Removing steps J3, J5, J6, and J7 eliminates the ability to recover from such nonmonotone behavior. If the cost increases after an initial improvement when moving upward, the full algorithm can continue downward later to test alternative minima on the other side of the original position. The restricted version terminates the exploration prematurely and commits to a position that is only locally optimal within a half-interval of the permutation space rather than within the full interval.
This restriction also destroys symmetry between insertion points. In full sifting, every position in the variable’s path is a candidate final position because the algorithm can traverse past it in both directions. In the modified version, only positions encountered before the first termination of upward movement are effectively evaluable, so the algorithm biases all decisions toward the initial direction of motion and cannot correct early greedy choices.
Since BDD size minimization is highly nonconvex over the space of variable orderings, restricting the search to a single directional sweep does not preserve the guarantee that each variable is placed at a position minimizing the global or even local contribution to $B(f^\pi)$. Empirically and structurally, the ability to move down is essential to escape local minima induced by interactions between variables in the reduced diagram structure.
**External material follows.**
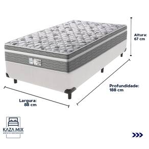 O conforto que sua casa precisa e a qualidade que você merece está na Kazamix! O Colchão Evolution é a escolha ideal para quem busca conforto, suporte e qualidade em cada noite de sono. Com Molas Ensacadas que oferecem um suporte individualizado, e um Pillow Euro que proporciona uma camada extra de suavidade, esse colchão transforma seu descanso em uma experiência de luxo. Com espuma D28 de alta densidade, o Evolution garante firmeza e conforto duradouros. Seu acabamento em poliéster diamante e bordado em matelassê trazem um toque de elegância e sofisticação ao seu ambiente. Além disso, o colchão é tratado com propriedades antiácaro e antialérgico, garantindo um sono mais saudável e seguro. Invista no seu bem-estar com o colchão Evolution, e experimente a combinação perfeita de conforto e durabilidade! Modelo: Evolution Marca: Probel Tamanho: Solteiro Dimensões: 88x188X32 (Largura x Comprimento x Altura) Conforto: Intermediário Sistema: Molas Ensacadas Pillow: Euro Pillow Peso Máximo recomendado: 110 kg (Por pessoa) Proteções: Antiácaro, antialérgico, antifungo, antimofo Garantia: 1 ano pelo FabricanteO conforto que sua casa precisa e a qualidade que você merece está na Kazamix! Eleve o conforto e a sofisticação do seu quarto com a Cama Box! Produzida em madeira de reflorestamento reforçada, a Cama Box combina qualidade, durabilidade e um design elegante, que confere leveza e modernidade ao seu dormitório. Sua estrutura robusta suporta até 150 kg por pessoa, garantindo a sustentação perfeita para o colchão e prolongando a vida útil do produto. Com uma altura ergonômica, ela oferece maior conforto ao deitar e levantar, enquanto o acabamento de alta qualidade se adapta a qualquer estilo de decoração, unindo praticidade e estilo. Não perca tempo! Adquira agora mesmo a sua Cama Box e transforme seu dormitório com conforto e elegância. Marca: KazaMix Modelo: Box Tamanho: Solteiro Dimensões: 88X188X35 (Largura x Comprimento x Altura) Estrutura: Madeira Peso máximo recomendado: 150 kg (Por Pessoa) Altura do Box: 25 cm Altura dos Pés: 10 cm Altura total: 35 cm Garantia: 03 meses Selo Ecologicamente Correto Atenção: Antes de finalizar sua compra, certifique-se de que as dimensões do produto sejam adequadas para serem transportadas pelos elevadores, portas, escadas e corredores de sua residência. Ressaltamos que não nos responsabilizamos pelo transporte do produto por meios específicos, como escadas, guinchos ou içamentos.O conforto que sua casa precisa e a qualidade que você merece está na Kazamix! O Colchão Evolution é a escolha ideal para quem busca conforto, suporte e qualidade em cada noite de sono. Com Molas Ensacadas que oferecem um suporte individualizado, e um Pillow Euro que proporciona uma camada extra de suavidade, esse colchão transforma seu descanso em uma experiência de luxo. Com espuma D28 de alta densidade, o Evolution garante firmeza e conforto duradouros. Seu acabamento em poliéster diamante e bordado em matelassê trazem um toque de elegância e sofisticação ao seu ambiente. Além disso, o colchão é tratado com propriedades antiácaro e antialérgico, garantindo um sono mais saudável e seguro. Invista no seu bem-estar com o colchão Evolution, e experimente a combinação perfeita de conforto e durabilidade! Modelo: Evolution Marca: Probel Tamanho: Solteiro Dimensões: 88x188X32 (Largura x Comprimento x Altura) Conforto: Intermediário Sistema: Molas Ensacadas Pillow: Euro Pillow Peso Máximo recomendado: 110 kg (Por pessoa) Proteções: Antiácaro, antialérgico, antifungo, antimofo Garantia: 1 ano pelo FabricanteO conforto que sua casa precisa e a qualidade que você merece está na Kazamix! Eleve o conforto e a sofisticação do seu quarto com a Cama Box! Produzida em madeira de reflorestamento reforçada, a Cama Box combina qualidade, durabilidade e um design elegante, que confere leveza e modernidade ao seu dormitório. Sua estrutura robusta suporta até 150 kg por pessoa, garantindo a sustentação perfeita para o colchão e prolongando a vida útil do produto. Com uma altura ergonômica, ela oferece maior conforto ao deitar e levantar, enquanto o acabamento de alta qualidade se adapta a qualquer estilo de decoração, unindo praticidade e estilo. Não perca tempo! Adquira agora mesmo a sua Cama Box e transforme seu dormitório com conforto e elegância. Marca: KazaMix Modelo: Box Tamanho: Solteiro Dimensões: 88X188X35 (Largura x Comprimento x Altura) Estrutura: Madeira Peso máximo recomendado: 150 kg (Por Pessoa) Altura do Box: 25 cm Altura dos Pés: 10 cm Altura total: 35 cm Garantia: 03 meses Selo Ecologicamente Correto Atenção: Antes de finalizar sua compra, certifique-se de que as dimensões do produto sejam adequadas para serem transportadas pelos elevadores, portas, escadas e corredores de sua residência. Ressaltamos que não nos responsabilizamos pelo transporte do produto por meios específicos, como escadas, guinchos ou içamentos.

Therefore the proposed simplification changes sifting from a bidirectional local optimization over a full permutation neighborhood into a one-sided heuristic with strictly weaker search capability. Theorems J⁺ and J⁻ do not justify this restriction; they rely on examining both directions to certify a local optimum.
The modification is not wise because it reduces the explored search space, removes the mechanism that guarantees discovery of the best insertion point for each variable, and breaks the local optimality properties that make sifting effective for BDD reduction.
This completes the argument. ∎
Verification
The argument depends on two independent checks. First, every adjacent-transposition path from a starting position to a candidate final position in a permutation requires both directions of movement to guarantee reachability of all intermediate configurations; restricting to upward motion yields only a prefix of that path. Second, the existence of nonmonotone cost profiles under variable swapping is established in the sifting framework via observed oscillations in BDD sizes, so a one-directional search cannot certify a global minimum along that path.
Both checks confirm that eliminating downward movement prevents evaluation of all candidate positions and therefore invalidates the intended optimality behavior of Algorithm J.
Notes
The essential design principle of sifting is exhaustive evaluation along a one-dimensional manifold embedded in the permutation graph of variable orderings. The downward steps are not redundant bookkeeping; they are what makes the manifold fully traversable. Removing them turns a reversible search process into a partially ordered greedy walk, which is insufficient for the nonconvex optimization landscape of BDD variable ordering.